### Provided material
● ● ●
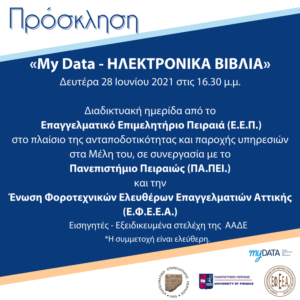 Το Επαγγελματικό Επιμελητήριο Πειραιά διοργανώνει Διαδικτυακή Ημερίδα στο πλαίσιο της ανταποδοτικότητας και παροχής υπηρεσιών στα μέλη του.
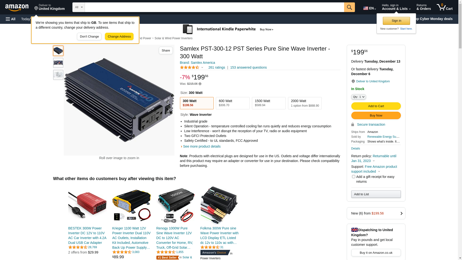 | SAMLEX AMERICA-PST-300-12 | 1 | 1 | 1 @ $154.90 | ||
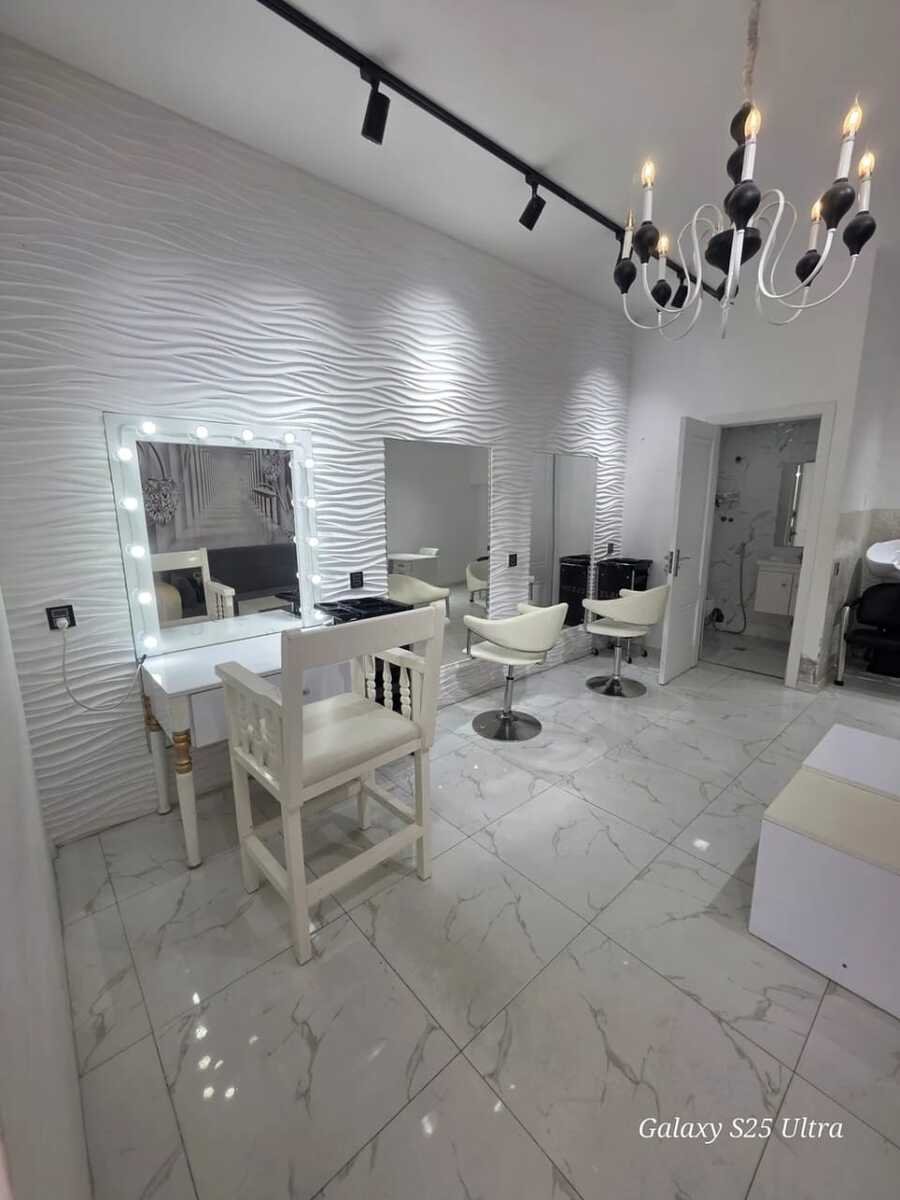 2otaqdan ibarətdir.Lazer otağı , sanitar qovşağı var.3 güzgü masası ,2 dırnağ , və başqa salona aid
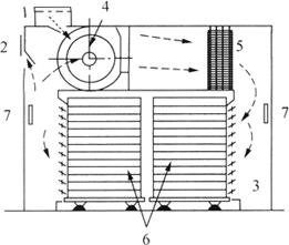 图3-6-5 强制循环干燥机 1-空气过滤器 2-调节器 3-干燥室 4-送风机 5-加热器 6-干燥台车 7-温度计
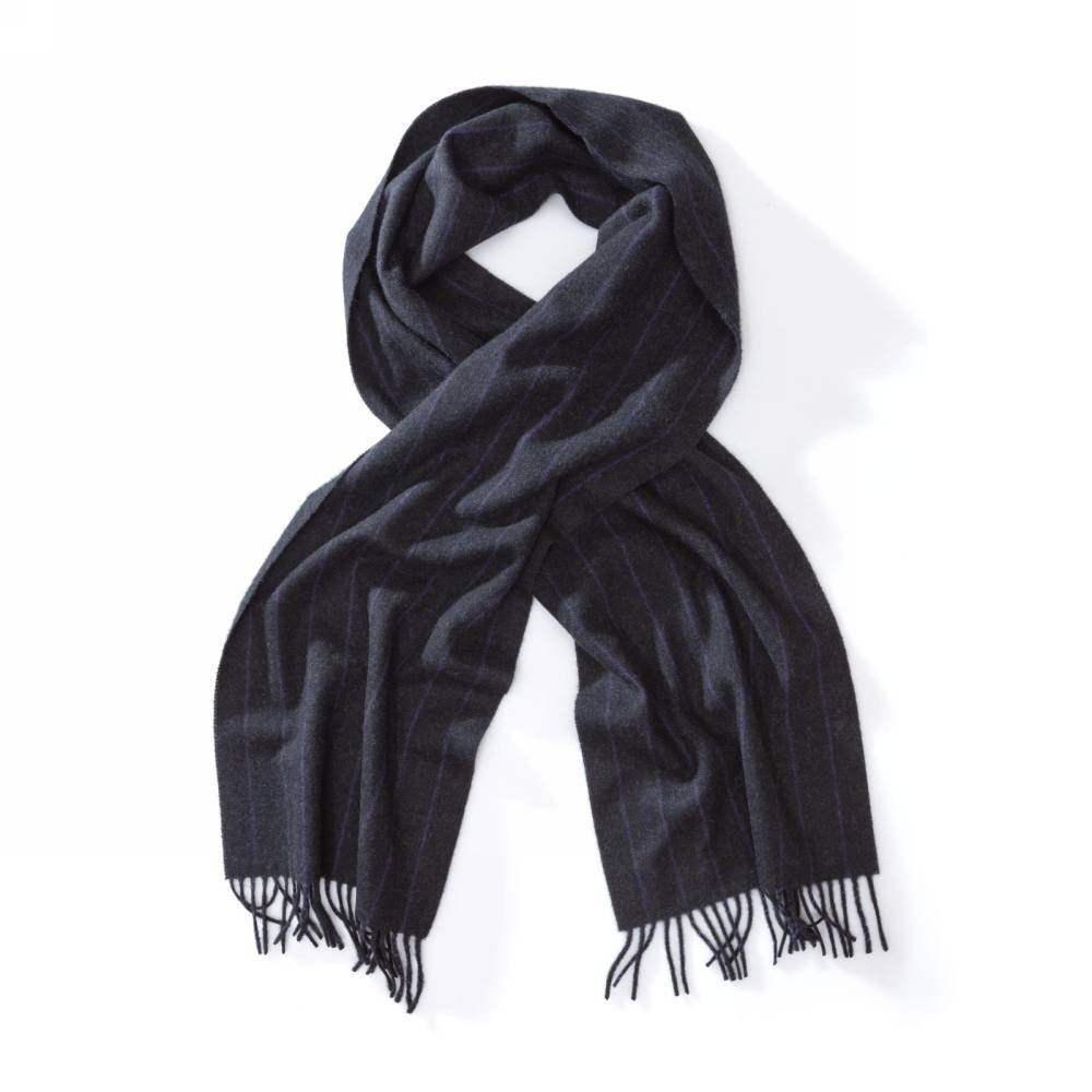 Тёплый зимний шарф Joshua Ellis полностью выполнен из лёгкого и нежного кашемира тёмно-серого цвета в светлую вертикальную полоску. Несмотря на свою лёгкость и невесомость, шарф прекрасно согревает и не пропускает холод.
● ● ●
Take the line with "2otaqdan ibarətdir.Lazer otağı" as the first line and the last line of the records above as the final one; reproduce exactly the lines between them, both included, without pictures.

### Solution to the exercise
 2otaqdan ibarətdir.Lazer otağı , sanitar qovşağı var.3 güzgü masası ,2 dırnağ , və başqa salona aid
 图3-6-5 强制循环干燥机 1-空气过滤器 2-调节器 3-干燥室 4-送风机 5-加热器 6-干燥台车 7-温度计
 Тёплый зимний шарф Joshua Ellis полностью выполнен из лёгкого и нежного кашемира тёмно-серого цвета в светлую вертикальную полоску. Несмотря на свою лёгкость и невесомость, шарф прекрасно согревает и не пропускает холод.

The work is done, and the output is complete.